Factors Predicting Early Non-Elective Hospital Readmission of Nutritionally Compromised Older Adults

J. M. Friedmann, H. Smiciklas-Wright, Gordon Lee Jensen, M. McCamish

Research output: Contribution to journalArticle

Abstract

With the implementation of Diagnostic Related Groups (DRGs) as the basis of hospital reimbursement, the average length of hospital stay has declined. As a result, elderly patients are being discharged from short-stay hospitals more rapidly than those with similar illnesses in the past. This may result in more frequent need for early non-elective readmission. Predicting which elderly persons may be readmitted will enable preventative interventions to reduce overall health care costs. The purpose of this study was to determine predictors and assess predictive models of early non-elective hospital readmission. The sample consists of 134 male and female Medicare patients who were found to be nutritionally compromised at the time of discharge.

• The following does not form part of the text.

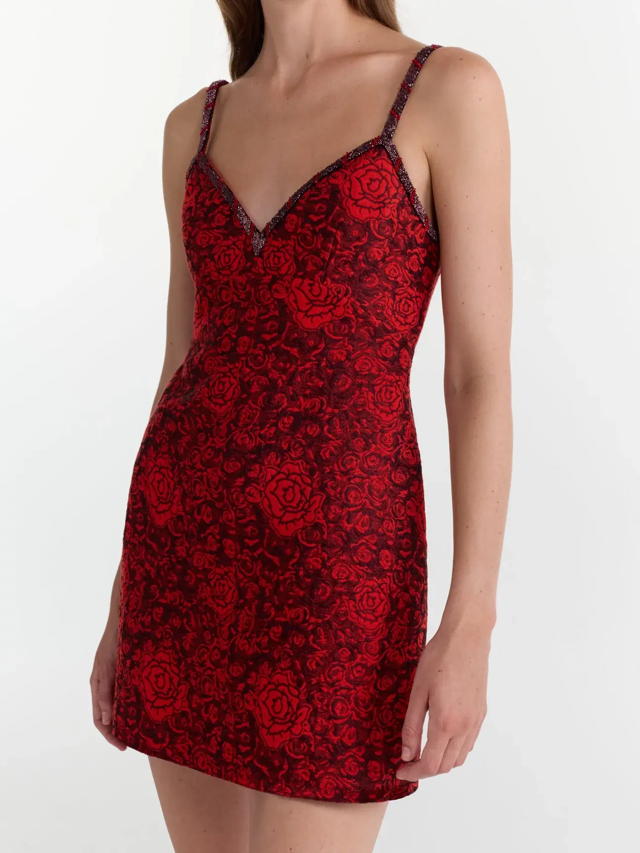 The Boa-B Dress is crafted in a rich brocade with an intricate rose pattern. A delicate ruby crystal embellished trim gracefully sweeps across the neckline and shoulder straps, catching the light with every movement. Designed to be a statement piece which can be styled in multiple ways, the Boa-B brings timeless and confident sophistication to any occasion.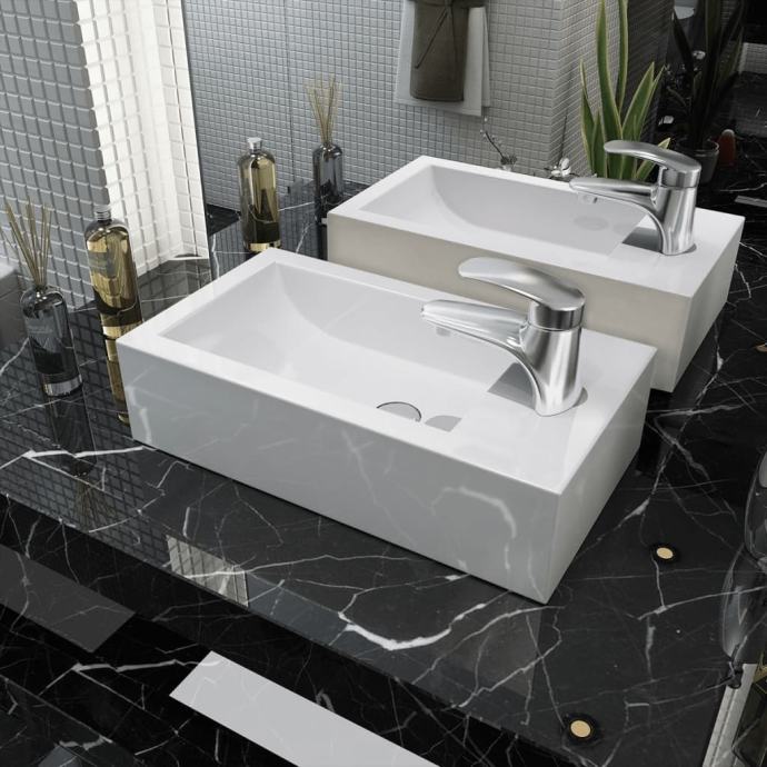 Ta pravokotni umivalnik iz premium keramike bo odličen stilski dodatek za vsako kopalnico, umivalnico ali toaleto. Glazirana površina umivalniku dodaja sodoben in eleganten značaj. Ta umetniški umivalnik ni samo praktičen umivalnik za vsakdanjo uporabo, saj je tudi prelep okras za vaš dom. Vsekakor se bo prilegal vsakemu slogu. Poleg tega je umivalnik precej preprost za čiščenje. Umivalnik ima odprtino premera 3,7-3,8 cm, ki je namenjena namestitvi pipe. Premer odprtine za odtok je 4,5 cm. Prosimo vedite, da pipa in odtok nista priložena.

The study is a secondary data analysis utilizing a repeated measures design of multiple variables representing demographics, anthropometries, laboratory values, and impairment in Activities of Daily Living (ADLs). Data have been collected at four time points: at hospital discharge, and during dietitian or nurse home visits at one week, one month, and three months post discharge. Bivariate logistic regression analysis reveal that serum albumin and change in weight measured at one month post discharge are highly significant predictors of readmission. There is a 31% decrease in the log odds of readmission associated with every 0.1 unit increase in serum albumin at one month post discharge (Wald χ2 = 8.2748, p = 0.0040), such that an albumin value of 3.3 mg/dL relates to a 51% probability of early non-elective readmission compared to an albumin value of 3.7 mg/dL with a 20% probability of readmission. Serum albumin at one month post discharge accounts for approximately 28% of the variance in non-elective readmission (McFadden's R2 = .2753). For every kilogram of weight loss, there is a 75% increase in the odds of readmission (Wald χ2 = 5.1757, p = 0.0229). Change in weight accounts for 8% of the variability in non-elective readmission (McFadden's R2 = .0843). It is of interest that serum albumin measured at the time of hospital discharge was not significantly associated with non-elective readmission in this population. This suggests that an evaluation of serum albumin and change in body weight should be routine during early post-hospitalization office visits to identify those at increased risk of early non-elective readmission.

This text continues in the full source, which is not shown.